Because of how this show is going, he’s utterly nonplussed when his dad proceeds to make the crystal at the end of his staff glow, which summons a thunderstorm (An odd thunderstorm, as there’s thunder, lightning, but never any rain…) and a vague image that’s maybe the head of a bear appears in what is either a vortex of storm clouds, or just one storm cloud that they filmed while spinning the camera around in a circle. Darrow Lonetree declares that he’s performed the traditional ritual preparations, and informs the spirit of his CV:

I’ve been to college. I own a piece of land and I plan on building a house. And I’ve never lost a fight with anyone. I’m in excellent health, and I feel good about who I am. I’m ready to own the spirit.

By an amazing coincidence, Leah (who happened to come down while I was watching this one), I myself, years ago when I first watched it, and Elyse Dickenson way back in 1989 all had the same reaction: he sounds like a Yuppie.

JosepWar of the Worlds: Ivan Naranjoh’s face replaces the sky-bear in the clouds and declares that, as he failed to fast for the full required time, Darrow is unready. Receiving the spirit of Kay-la-letivik is pretty much the same as an HbA1C test. Joseph vanishes, leaving Darrow alone. I do not really blame the spirits. Darrow doesn’t really seem like the shaman type. I mean, his pitch to the sky-bear about his worthiness sounds more like the rejected suitor in a Victorian romance explaining to the dowager countess how he’s got excellent prospects and would make a fine match for her daughter despite being forty years older than her and being played by Billy Zane. But more to the point, his dad just summoned a storm, and a sky bear, and projected his face onto the heavens, and then teleported away, and his reaction is primarily one of boredom.

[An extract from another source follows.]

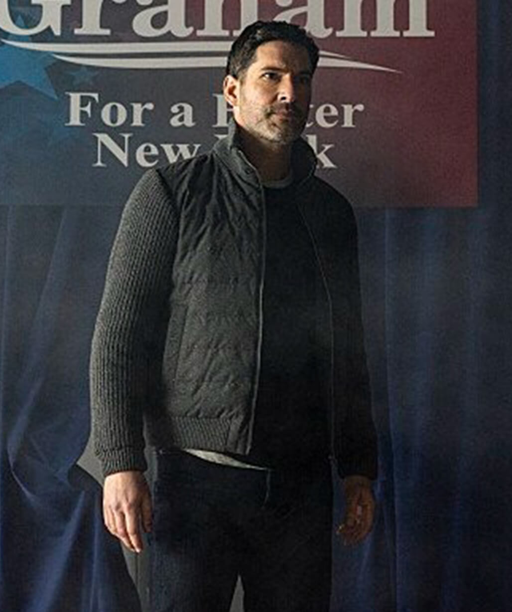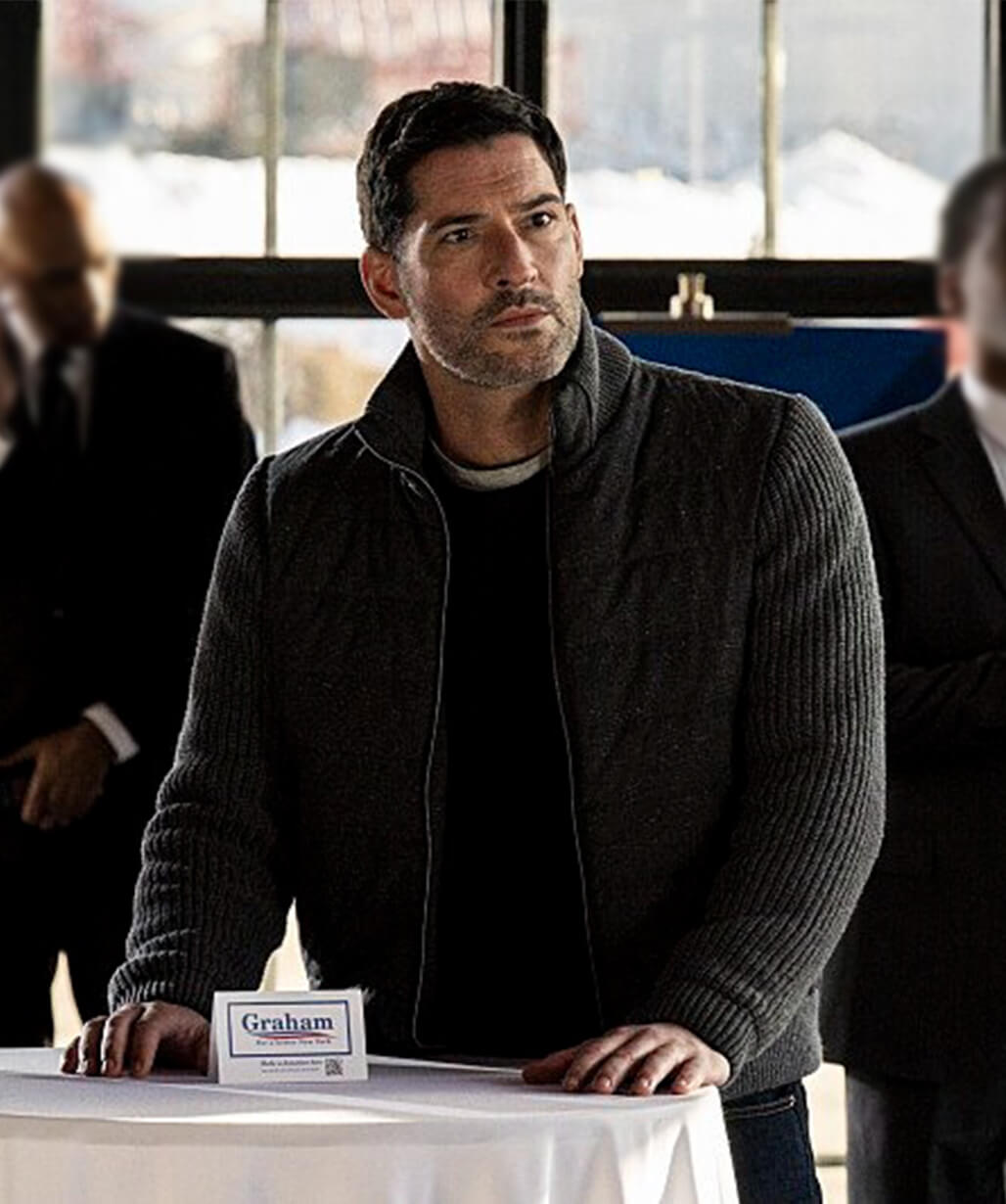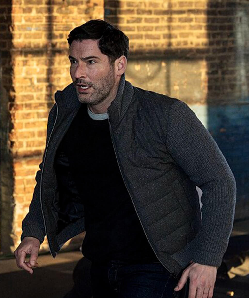 Tom Ellis CIA 2026 Grey Puffer Jacket

I’ll be honest with you, it’s kind of hilarious. A big part of the reason this show wasn’t more successful is that most of the audience didn’t fully appreciate that it was meant to be funny. Not slapstick, over-the-top comedy, but the more subtle kind of parody of, say, The Man From U.N.C.L.E, where the humor derives primarily not from punchlines and sight gags, but from the juxtaposition of the mundane and the fantastic. The aliens fail to blow up a peace conference because they didn’t have enough change for the meter. No one ever acts like there’s an alien invasion going on despite the fact that no one ever disputes that there’s an alien invasion going on. Darrow Lonetree goes to talk with the great spirit Kay-la-letivik, and tells him about his business degree, his 401k, and his respectable cholesterol levels. I mean, he’s totally unfazed by watching his father transmogrify himself into a giant sky-bear, yet he’s completely blase about the requirement to skip lunch before being granted actual honest-to-goodness magic powers.

War of the Worlds: R.D. Reid
Because it’s 1989, there’s only like 4 comments calling him gay.

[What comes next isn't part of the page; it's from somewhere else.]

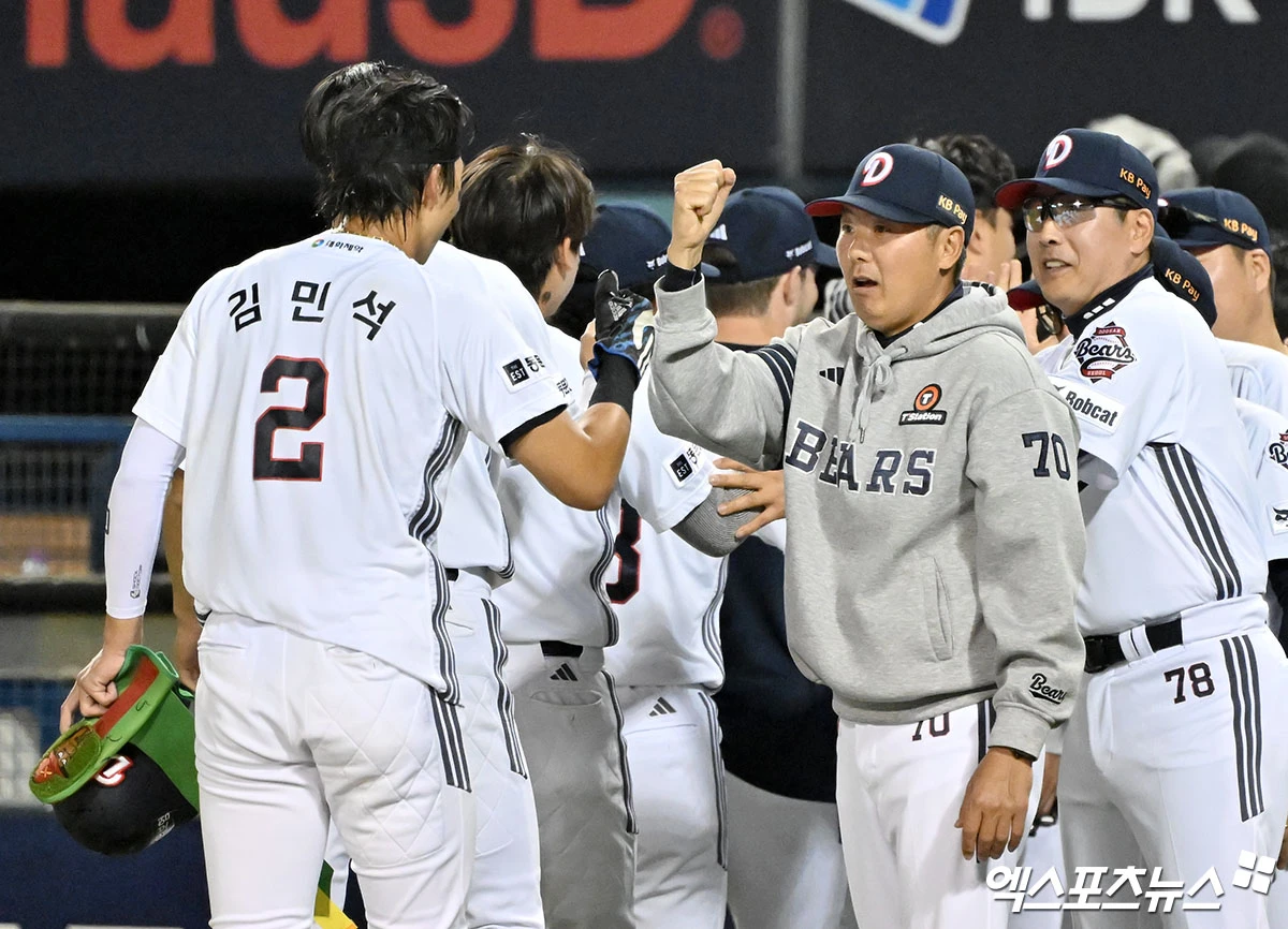 경기종료 후 두산 김원형 감독이 선수들과 하이파이브를 하고 있다.

The next day at the Cottage, our heroes huddle around the computer to watch the streaming feed of Newport’s press conference, because watching 1980s YouTube is a good use of supercomputer time. Newport’s claimed to have bought the headdress from a private collector, and expects to sell it for over a million. Ironhorse is obviously incandescent with rage over the desecration and sacrilege. Harrison’s response is more controlled, but he agrees with Ironhorse in principle, saying that Newport should be banned from antiquities trading.

This is another one of those nice scenes we’ve been having more and more of recently, where the team is casually interacting, working together and bouncing ideas off of one another. It’s a distinct contrast from the earlier episodes which would mostly see each of them sequestered away in their own research. I’d like to have seen some hinting that Suzanne’s the one driving at that, in light of the way she’d clashed with Harrison early on about her more collaborative style. My issue with it is that there’s no clear reason why they’re doing this. If they’re just watching the news on a lark, why are they watching it on the supercomputer instead of the television? If this is part of their alien-fighting work, it’s hard to see why right now — there’s obviously been examples before (“A Multitude of Idols” comes to mind) of Norton’s search algorithms alerting them to news items they should watch, but in all of those cases, it happened after evidence of direct alien involvement was referenced in the media. There’s nothing in this press conference that should have pre-alerted them to its relevance, and they’re clearly not expecting this to be alien-related.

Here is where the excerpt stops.